Often driven by shortcut learning and post-hoc rationalization. For example, in Cluster 126 (Platelet) of the Azimuth dataset, the model correctly predicted “Platelet” but erroneously cited proliferation markers (like MKI67) as support, ignoring the biological fact that platelets are anucleate fragments incapable of mitosis. Similarly, for an Azimuth Monocyte cluster, the model hallucinated genes (e.g., MERTK, APOE) not present in the input list to justify its correct prediction. This occurs because the LLM recognizes high-frequency marker-label bindings from its training data, locks onto a high-probability answer, and then forces a rationalization to justify it, sometimes fabricating evidence.

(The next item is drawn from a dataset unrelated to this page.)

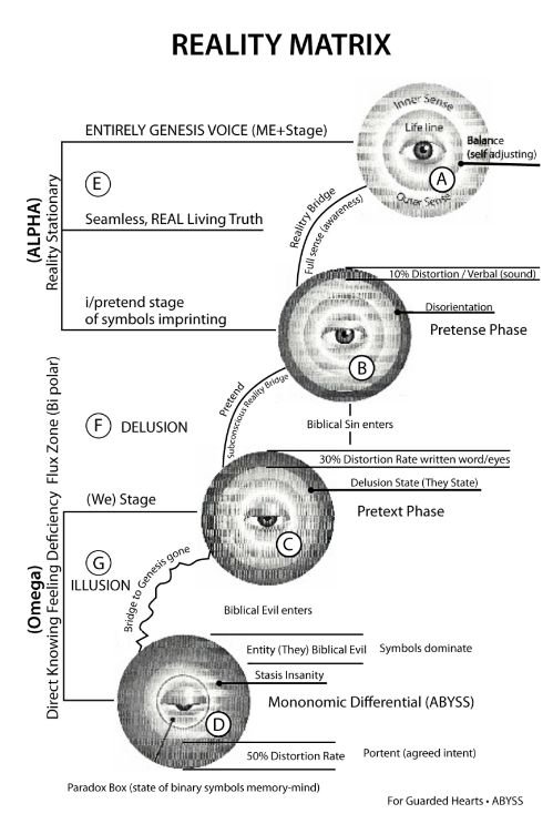The Reality Matrix graph is a visual representation of man’s gradual dissent from being human to becoming a symbolic robot. It depicts what happens to the organic creature being as it progresses to a symbol’s dementia stage. Humans are gifted with a bio-energy constant, in the beginning, [A], Genesis. Man communicated using the full complement of his five physical senses. Through Feeling Direct Knowing, a passive overlapping extrapolation of the physical senses, he had full access to an all knowing sixth sense [E].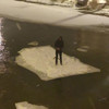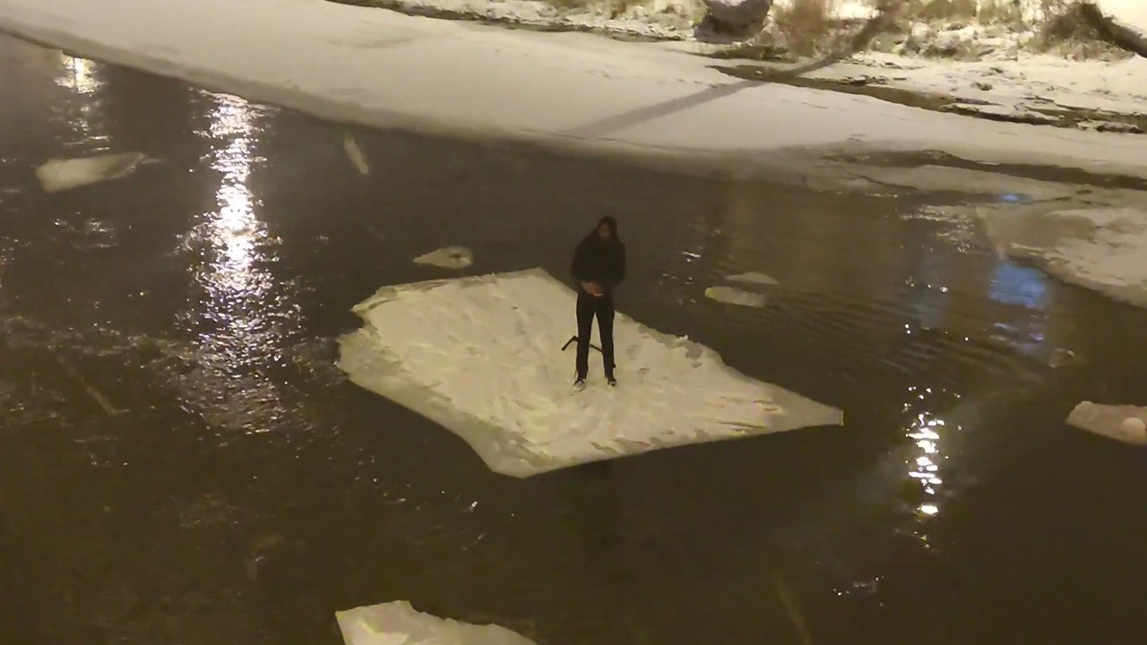 Bayburt’ta kısmen donan Çoruh Nehri'ndeki buz kütlesini kıran Burak Yılmaz, 15 santimetre kalınlığındaki parçayı sal gibi kullanıp, 200 metre ilerledi.

Correct explanation with inaccurate prediction

Typically caused by Chain-of-Thought (CoT) breakdown and conservative output strategies. For instance, in Cluster 8 (Natural Killer cell) of the Azimuth dataset, the LLM correctly reasoned that the markers were classic NK signatures and explicitly noted the absence of T-cell evidence (e.g., TCR/CD3). Yet, it finalized the label as the broader “cytotoxic T cell”. As the generated text lengthens, the model’s attention weights on earlier correct logic decay. Furthermore, Reinforcement Learning from Human Feedback (RLHF) often makes LLMs overly conservative, prompting them to output a “safe,” broader parent class when facing uncertainty at the final output stage.

While these are ubiquitous challenges in current generative AI, scHilda mitigates these issues to a large extent. By explicitly grounding the LLM’s reasoning in traceable, structured evidence from the Knowledge Graph and employing a hierarchical arbitration strategy, scHilda significantly constrains the model’s free-text hallucination space. As the fundamental reasoning stability of future baseline LLMs continues to evolve, we anticipate the consistency artifacts will naturally diminish.